In this paper, we present ZkVM, the zero-knowledge virtual machine: a transaction format for a shared, multi-asset, cryptographic ledger.

ZkVM aims at lowering the costs of participating in a global network by making transactions customizable, confidential, highly efficient and simple.

Customizable: ZkVM permits custom contracts. Contracts support realistic use cases via programmable constraints over encrypted data and assets. The VM supports a powerful language to express a wide range of higher-level protocols without the need to change the VM and upgrade the entire network.

Confidential: In ZkVM, quantities and types of assets are fully encrypted. The asset flow is hidden on the transaction level. Individuals and organizations can safely perform their transactions directly on the shared ledger, instead of keeping them in siloed databases.

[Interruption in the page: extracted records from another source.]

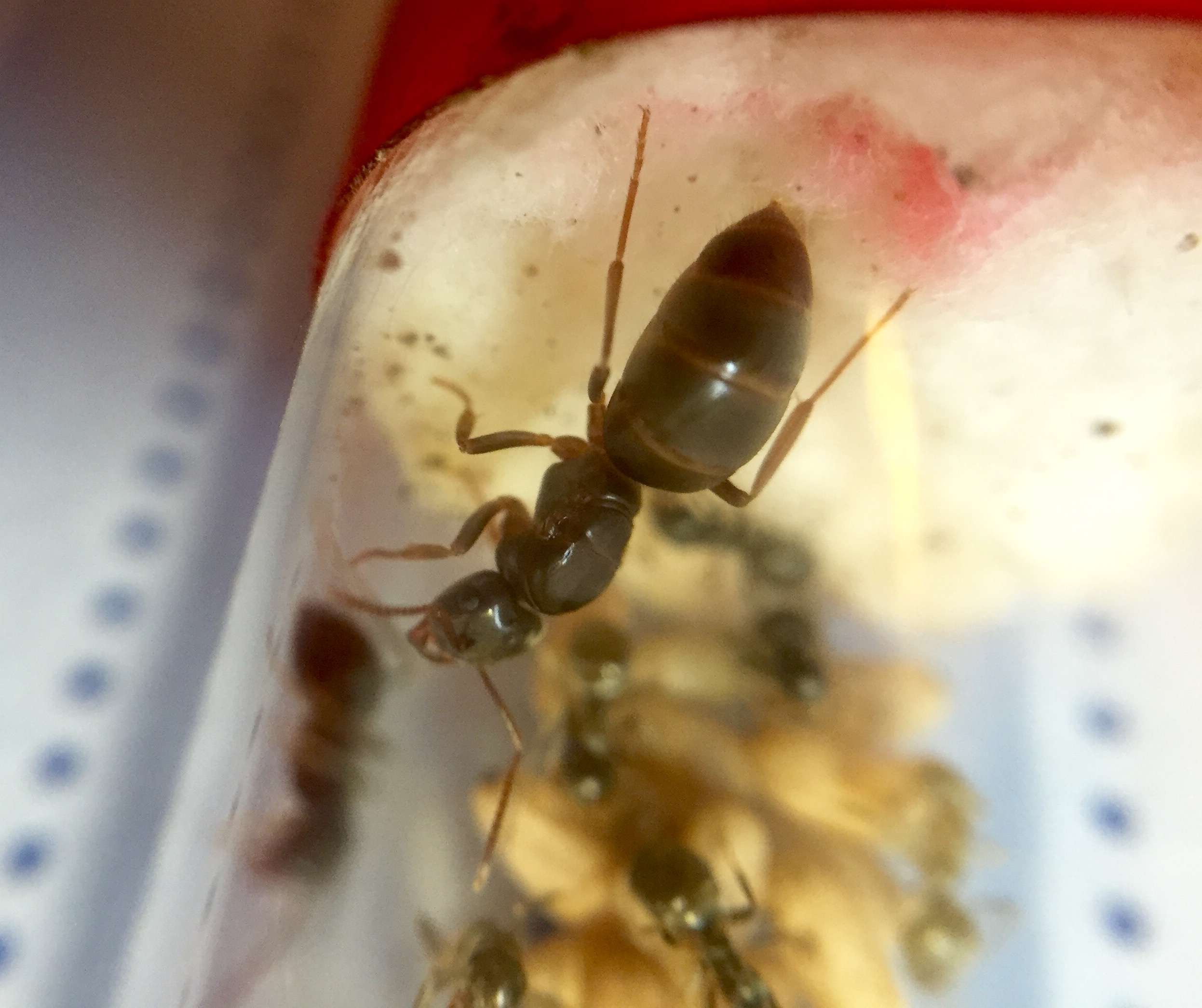 Sie lief direkt in das Nest der Wirtsarbeiterin, und diese verhielten sich erstaunlich friedlich. Eine der Arbeiterinnen verbiss sich zwar in ihrem Bein, doch der Rest zeigte keinerlei Aggression.
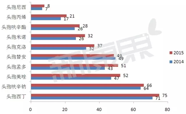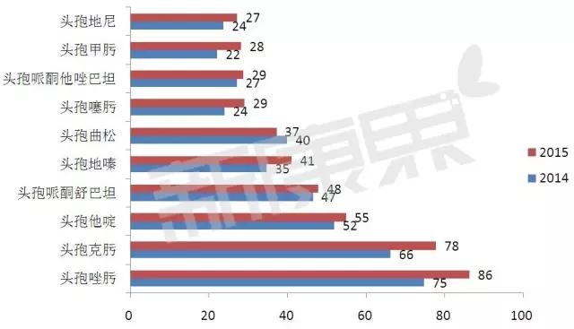 2015年度,第二代頭孢菌素總體規(guī)模為422.7億元,同比增長9.4%;其中頭孢西丁、頭孢呋辛鈉、頭孢美唑以及頭孢孟多市場規(guī)模均在50億元以上,合占比重57.8%以上。Top10中,頭孢米諾、頭孢丙烯和頭孢尼西同比增長較快,增幅在20%左右。
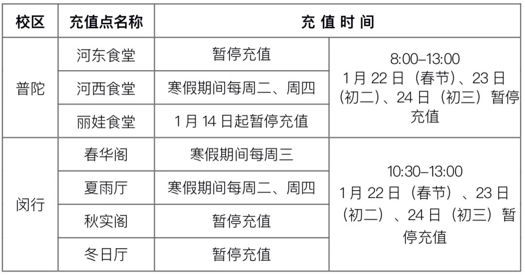服务联系电话:普陀校区:62232272;闵行校区:54345052。
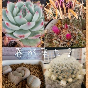 春来た? 赤花銀手毬🌹 カルメナエ💮 振武玉🔮 いつのまにやら お花咲いてる〜🥰🌵 桃太郎(仮)絶好調😍 女雛は花芽がにょろん🌱 チョコジサマ うちの紅稚児🔴 めっちゃ増えて垂れてます🤯💨 ふぅサマ 何かぽっこり出ました🤣💨💨💨
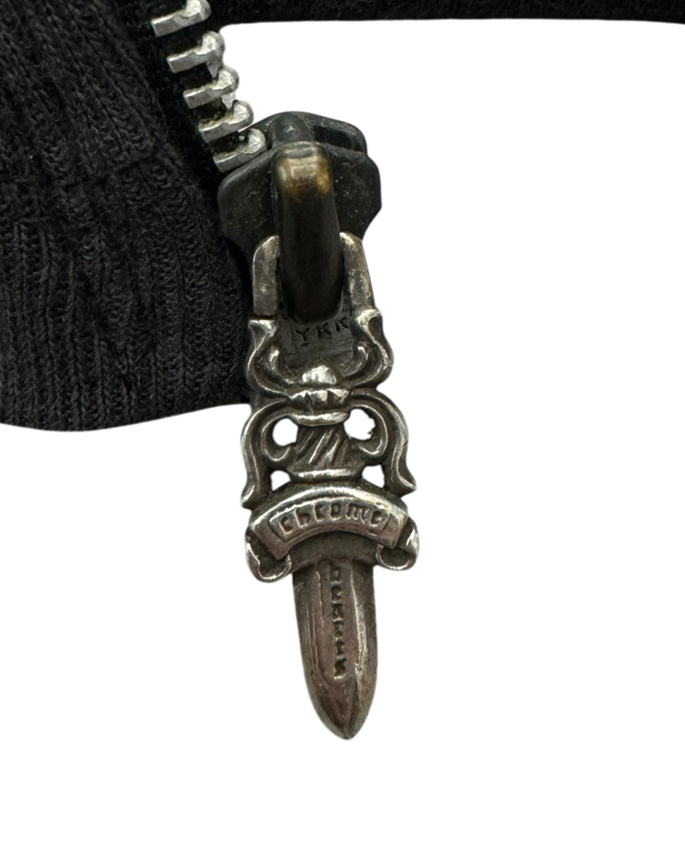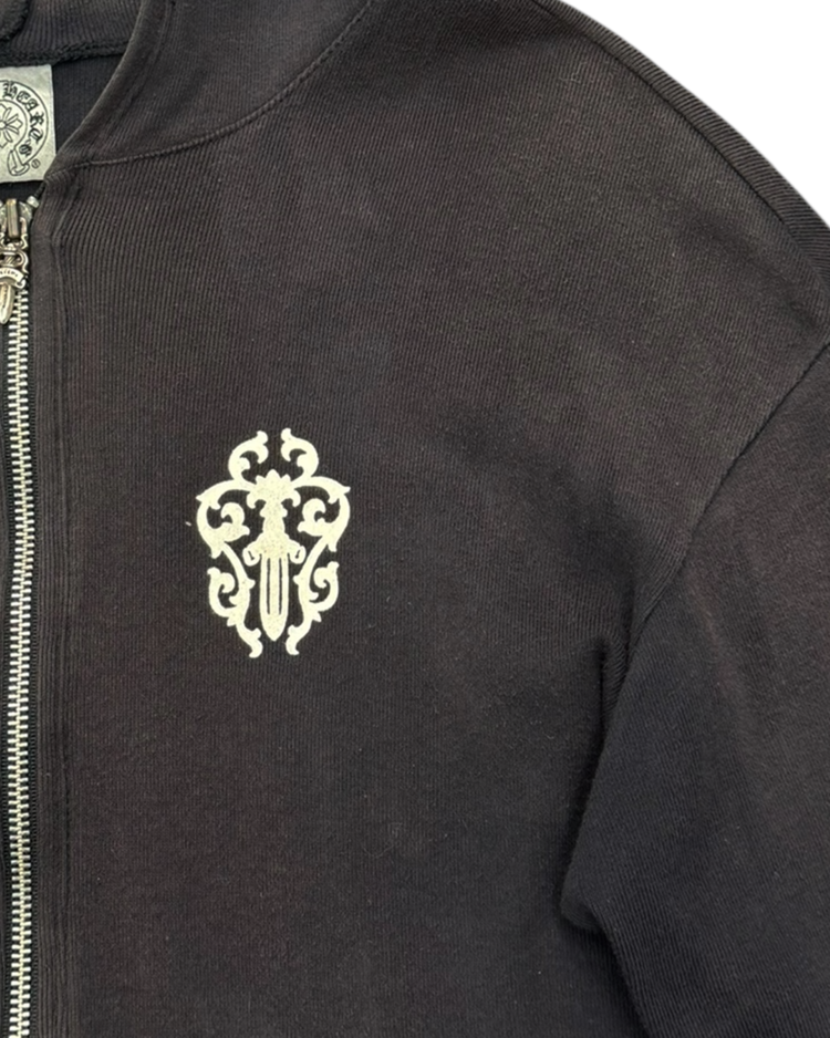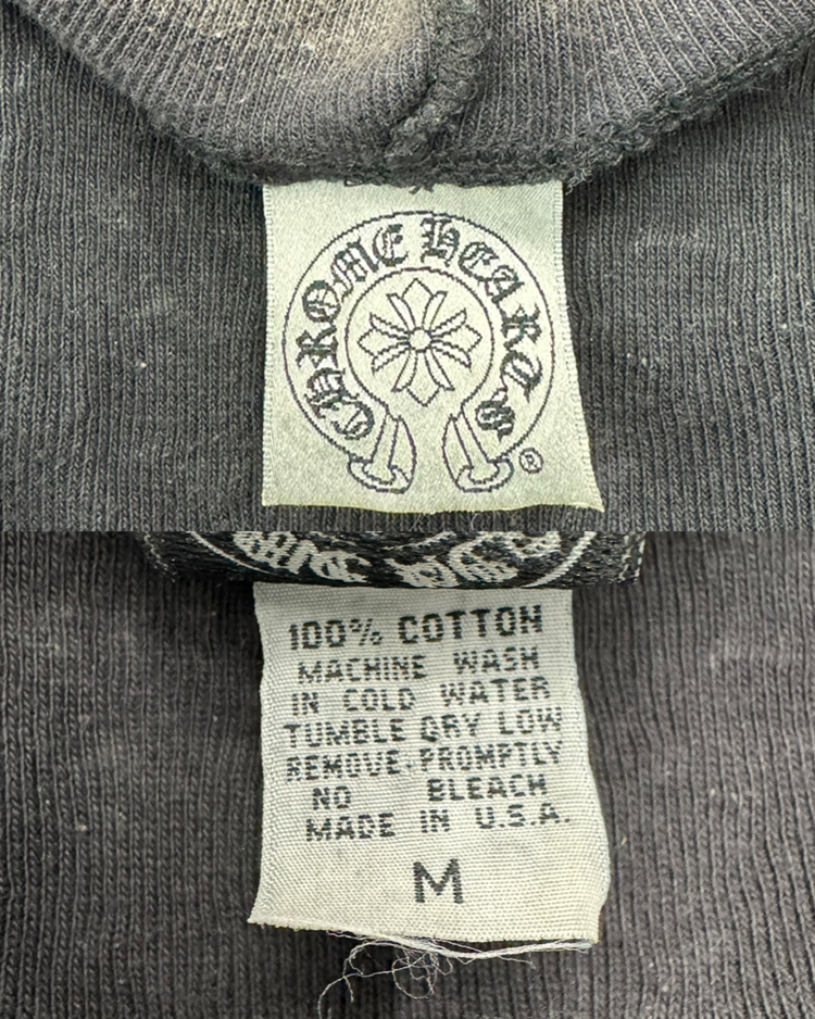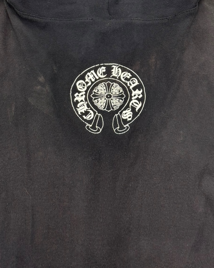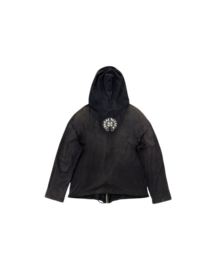 1989년 미국 캘리포니아에서 설립된 브랜드 크롬하츠의 제품입니다. 스트릿 패션 문화에 있어 셀럽들에게 인기를 끌었으며 실버 액세서리 또한 수공예로 제작되어 가치가 높습니다. 전면에는 대거, 후면에는 홀스슈 로고를 배치한 크롭 후드 집업으로, 자연스러운 워싱과 대거 지퍼가 빈티지 무드를 더했습니다. 간결한 실루엣 속에 브랜드 특유의 상징성이 선명하게 드러나는 아이템입니다.

Efficient: The ZkVM blockchain uses a compact data model that fits in a few kilobytes. Verification of transactions is highly parallelizable and takes 1-2 ms per CPU core. Nodes can bootstrap instantly from a network-verified snapshot. Virtually any computing device can run a full node, without relying on intermediate infrastructure and trusted third parties. Devices with limited cellular data plans can save bandwidth by tracking relevant state updates only (e.g. watching their own payment channels), without having to verify all transactions.

Simple: ZkVM requires no special compilers, debuggers, or optimizers. Its abstractions map well onto real-world concepts, and the technology stack consists of a small number of inventions reviewed by a global community of cryptographers and engineers. ZkVM is an evolution of the authors’ prior work on TxVM, which in turn was influenced by the design of Bitcoin and Ethereum. The motivation for such ledgers was originally expressed in the paper Secure Property Titles by Nick Szabo.

Transactions

A ZkVM transaction is a data structure around a program that describes the issuance and transfer of financial assets. A transaction also contains data such as protocol version, time bounds, and cryptographic proofs necessary to verify the correctness of the transaction.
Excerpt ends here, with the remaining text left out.